Bitcoin exchange halts withdrawals after cyber-attack

BitStamp, one of the world’s largest and most commonly used Bitcoin exchanges has temporarily halted withdrawals after its exchange system came under attack.

The exchange firm, based in Slovenia, said criminals had used a vulnerability in the underlying Bitcoin software to perform the attacks. The Bitcoin Foundation, who maintain the code on which the software is based, have been trying to find a work around as well as fixes for the issue. They added that as this was a DDoS (distributed denial of service) attack no theft of Bitcoins had taken place, but that funds were “tied up” in the affected exchanges for now.

Bitstamp are now the second big Bitcoin exchange to come under DDoS attack in under a week, with Tokyo’s MtGox being the first last Friday.

A third exchange, BTC-e has also warned that transactions would be delayed due to another DDoS attack.

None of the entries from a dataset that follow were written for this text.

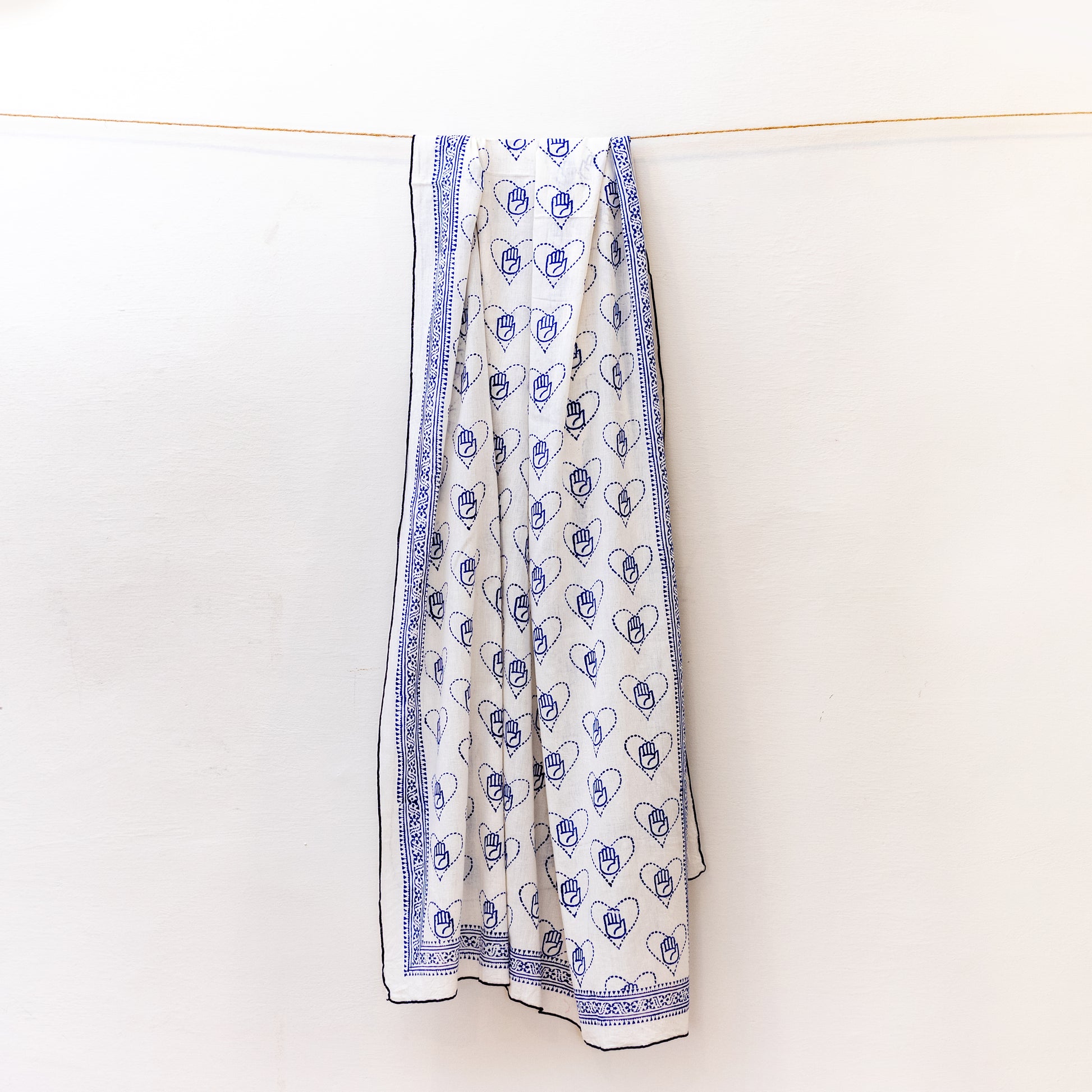 Celebrate craft and creativity with this White Ajrak Block Print Scarves, adorned with the exclusive “Love Handmade” print in blue. Combining the timeless technique of hand-block printing with a modern motif, it carries both cultural heritage and contemporary expression. Soft, breathable, and easy to style, this scarve makes a meaningful statement while honoring artisan skill. Handmade by skilled rural artisans.
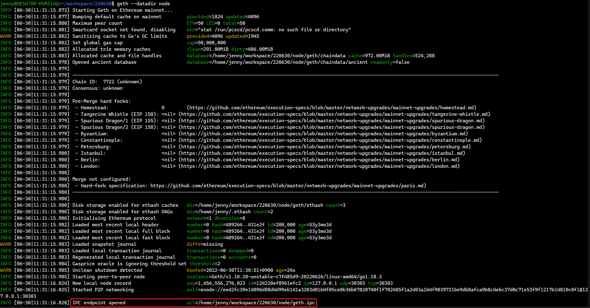 $ geth --datadir node --nodiscover
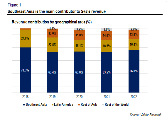 总体而言,Sea Limited拥有三个业务部门:Garena,数字娱乐业务;电子商务平台Shopee;SeaMoney 旗下的数字金融服务提供商。截至 2022 年,Shopee 贡献了Sea Limited近 60% 的收入。

The cause of the problem stems from a weakness in the Bitcoin code known as transaction malleability. This malleability allows somebody to alter the code of Bitcoin just before a particular transaction is logged. This in turn allows a withdrawal to be made multiple times without the “blockchain” (the database Bitcoin uses to record every transaction carried out) noticing, opening the door to theft of Bitcoins.

The actual DDoS attack, according to Gavin Andersen of the Bitcoin foundation, comes when an exchange firm’s systems can’t cope with vast amounts of these fraudulent transactions. Mr Andersen pointed towards the design of MtGox and Bitstamp’s systems not being up to scratch, adding that the transaction malleability issue had been known about since 2011.

Unfortunately, despite Bitcoin trying to distance themselves from the fallout of this issue, this is more unwanted publicity, after the arrests of Charlie Shrem and Robert Faiella, in the US. Shrem and Faiella worked together to exchange over $1 million in Bitcoins to users of the Silk Road. The Silk Road, which has been shut down since October 2013, was an illegal trading place of illicit materials, such as illegal drugs and weapons. Bitcoin was the only accepted currency on the Silk Road.

Stock prices of Bitcoin fell as a result of this news from $830 to $665, a drop of nearly 20%. Prices also fell after the arrests of Shrem and Faiella, so this latest hiccup is something that Bitcoin could have done without. However, that does not stop the meteoric rise of virtual currencies, in particular Bitcoin, over the last 12 months or so. Less than two years ago, in July 2012, Bitcoin’s value was at just $9, which itself was a revelation at the time.

On this basis, it would be a safe assumption that Bitcoin might not be too worried about this latest incident.